1967 Ford Galaxie Review

1967 Ford Galaxie 500 390 V8 from North America

Model year1967
Year of manufacture1966
First year of ownership2003
Most recent year of ownership2005
Engine and transmission 390 V8 Automatic
Performance marks 7 / 10
Reliability marks 7 / 10
Comfort marks 8 / 10
Running Costs (higher is cheaper) 6 / 10
Overall marks (average of all marks)
7.0 / 10
Distance when acquired78000 miles
Most recent distance85000 miles

Summary:

It's like a boat, only more fun

Faults:

It needed a new convertible top after sitting in storage for 25 years.

The voltage regulator went bad soon after I purchased the car.

One exhaust pipe rusted through.

The original valve cover gaskets rotted.

General Comments:

It handles very solidly at any speed and rides smoothly over bumps and rough roads.

The heater is amazing. It is so strong the car can be comfortable driven the top down even in the winter.

Except for height, this car is as big as most SUV's.

Acceleration is as quick as the nearly two ton curb weight allows for.

Surprising as it may seem, the car takes turns pretty well.

The factory drum brakes are not up to the task of controlling this car.

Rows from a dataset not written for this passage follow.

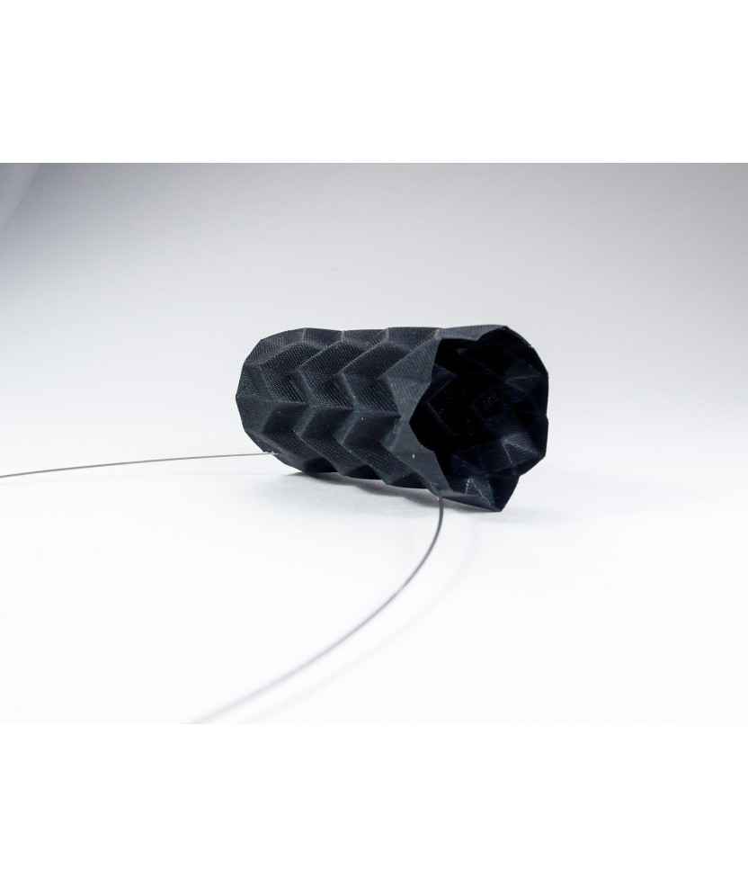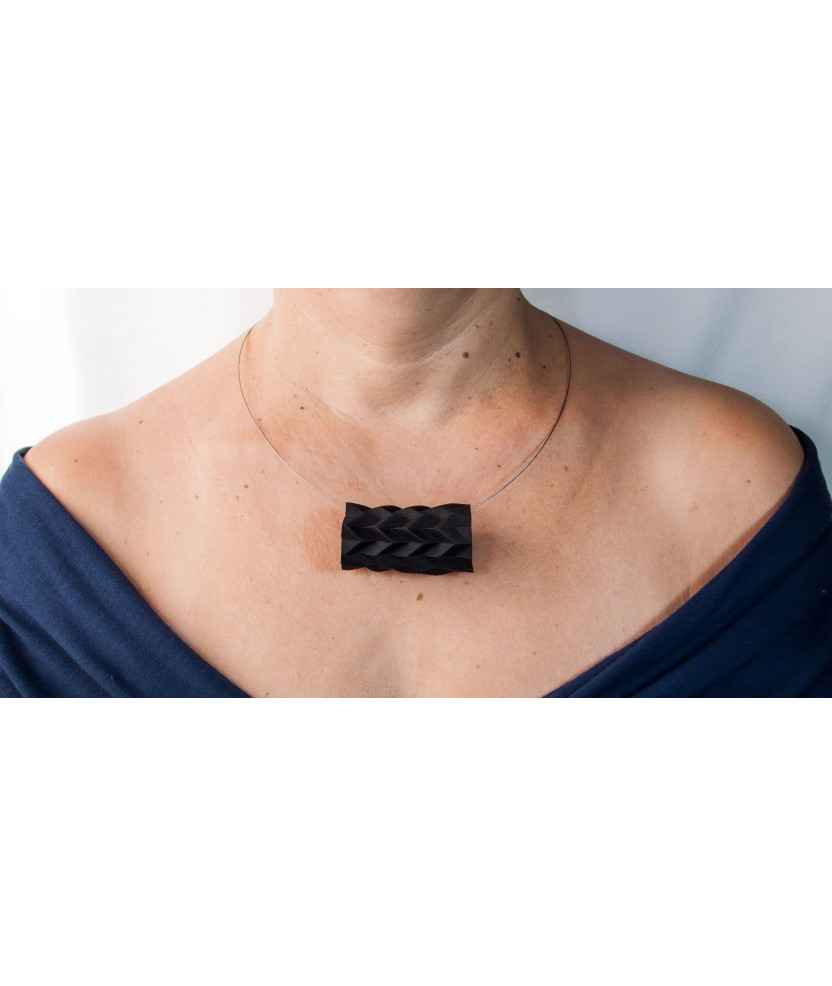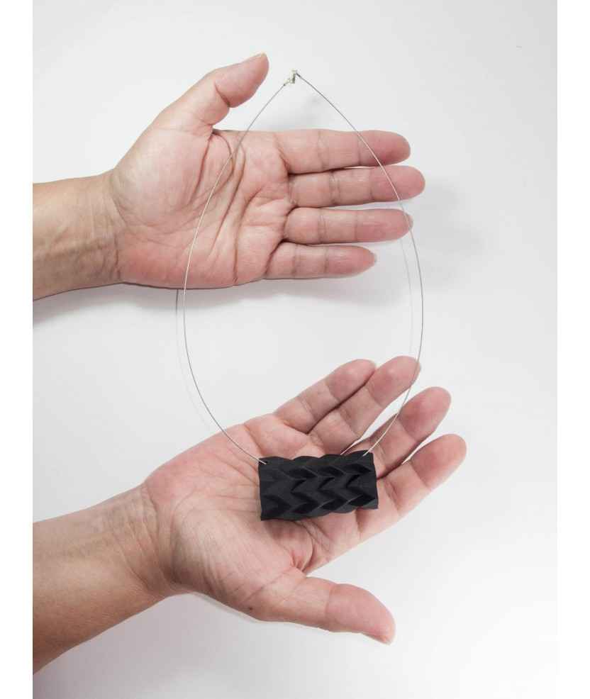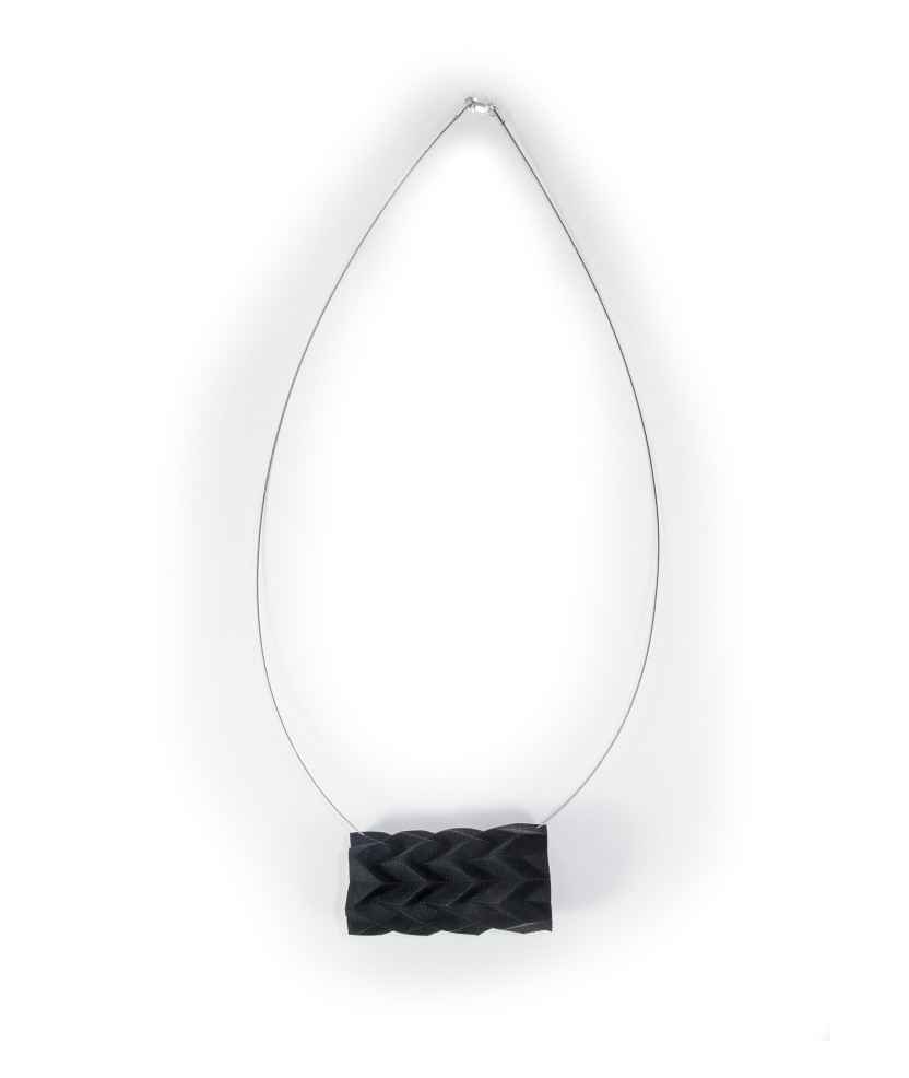 Col·lecció de collarets formats per unes peces escultòriques que resulten unes joies elegants, vistoses i diferents. Fil d'acer de 50 cm de llarg, tancament de plata i tela tubular amb un tub de plata interior. Disponible en diversos colors. Elisava alumni.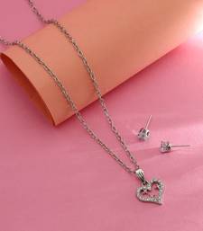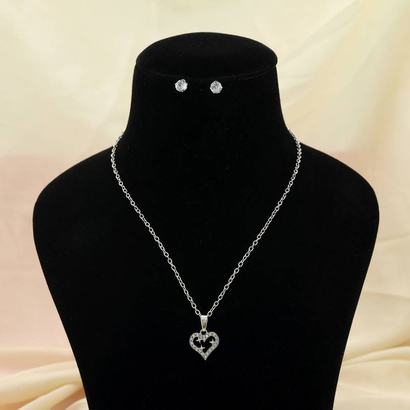 | Product Description | Chain Length: 40.00 Cm X Width: 0.20 Cm | Pendant Length: 1.60 Cm X Width: 1.50 Cm | Earring Length: 0.60 Cm X Width: 0.60 Cm | Metal: Alloy With Good Quality Silver Plated | Color: Silver | Stone: Rhinestone | Gross Weight: 7.00 Grams | Package Content: 1 Piece Of Necklace/ 1 Pair Of Earring | Back Finding: Post With Friction Back X Earring Style: Stud |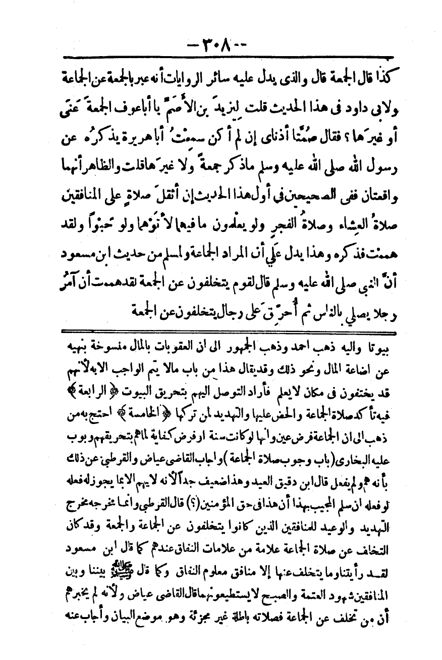 وَلِمُسْلِمٍ مِنْ حَدِيثِ ابْنِ مَسْعُودٍ أَنَّ النَّبِيَّ - صَلَّى اللَّهُ عَلَيْهِ وَسَلَّمَ - «قَالَ لِقَوْمٍ يَتَخَلَّفُونَ عَنْ الْجُمُعَةِ: لَقَدْ هَمَمْت أَنْ آمُرَ رَجُلًا يُصَلِّي بِالنَّاسِ، ثُمَّ أُحَرِّقَ عَلَى رِجَالٍ يَتَخَلَّفُونَ عَنْ الْجُمُعَةِ» ..

The engine is simple and easy to service and make repairs on.

Would you buy another car from this manufacturer? Yes

Review Date: 11th January, 2005

22nd Mar 2005, 12:02

This car is (a 1967 model) was manufactured on 23 June 1966 in Mahwah, NJ.

2nd Oct 2006, 10:30

I just got my '66 galaxie convertible and agree with everything said thus far, especially the braking system. After driving newer cars with power disc brakes, this car could put you in danger if you're not careful. With that said, it is an awesome car, easy to work on, and looks great!

23rd Aug 2009, 13:38

I had a '67 500 two door hardtop that I bought from my dad with 110,000 miles on it. It was a 240 6 cylinder with a three speed auto. It was a great car. The two door body and frame remained tight. The four door hardtop and the two door convertible both seemed to turn into "boats". The 390 that usually came was a dog. I don't know if a higher HP engine was available. My dad had the four door hardtop with a 390 also. I drove it a little. I thought it was a boat.

The two door hardtop was a different story. With the suspension set at the correct height (the Fords would sag, especially after a winter of heavy snow on their hoods), the car responded well on the road. It felt like a much smaller auto. Due to the advertising of the Plymouth GTX and the Hemi engine at the time, the sleeper Ford two door hardtop slept as a secret for those who owned one to enjoy.